>>>
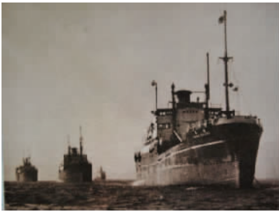
招商局海辽轮起义

收藏品市场上,根据两版纸分币冠号数字的不同通常称53初版纸分币为长号纸分币,称80年代再版的纸分币为短号或无号纸分币。最初53版长号纸分币因当时的社会经济条件被大量使用消耗,流通长达数十年,如今早已难以寻觅,又因其是初版币,具有很高的历史价值与收藏价值。后期再版的无号纸分币上世纪80年代发行量巨大,后因90年代初我国经济发展迅速,小面额纸币实际使用量不多,新世纪后逐渐退出市场流通。
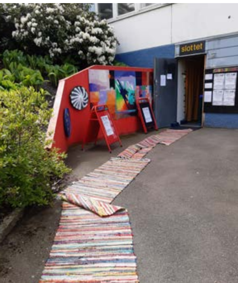
Meeting Plays kulturhus "Slottet" vid Friskvåderstorget - 50 m2 utan fönster, vatten eller toalett

”Ett kulturhus eller fritidsgårdar och mötesplatser gör att människor fångas upp och får känna sig delaktiga i sina närområden oavsett om det är för aktivitet det handlar om. Fånga upp ungdomars intressen och få dem att utvecklas i sina idéer eller åtaganden. Det finns en rastlöshet här och det beror dels på att det inte finns något att göra här i området. Vi behöver utveckla, bygga kulturhus och fritidsgårdar och mötesplatser att folk träffar andra och blir mer bekväm och trygg i sin bostadsområde...” (Förening G1)
<<<
**The task**. Pictures are not part of the copy; reproduce exactly and only the lines from the line containing "收藏品市场上,根据两版纸分币" through the end of the listing.

**Task answer**.
收藏品市场上,根据两版纸分币冠号数字的不同通常称53初版纸分币为长号纸分币,称80年代再版的纸分币为短号或无号纸分币。最初53版长号纸分币因当时的社会经济条件被大量使用消耗,流通长达数十年,如今早已难以寻觅,又因其是初版币,具有很高的历史价值与收藏价值。后期再版的无号纸分币上世纪80年代发行量巨大,后因90年代初我国经济发展迅速,小面额纸币实际使用量不多,新世纪后逐渐退出市场流通。
Meeting Plays kulturhus "Slottet" vid Friskvåderstorget - 50 m2 utan fönster, vatten eller toalett

”Ett kulturhus eller fritidsgårdar och mötesplatser gör att människor fångas upp och får känna sig delaktiga i sina närområden oavsett om det är för aktivitet det handlar om. Fånga upp ungdomars intressen och få dem att utvecklas i sina idéer eller åtaganden. Det finns en rastlöshet här och det beror dels på att det inte finns något att göra här i området. Vi behöver utveckla, bygga kulturhus och fritidsgårdar och mötesplatser att folk träffar andra och blir mer bekväm och trygg i sin bostadsområde...” (Förening G1)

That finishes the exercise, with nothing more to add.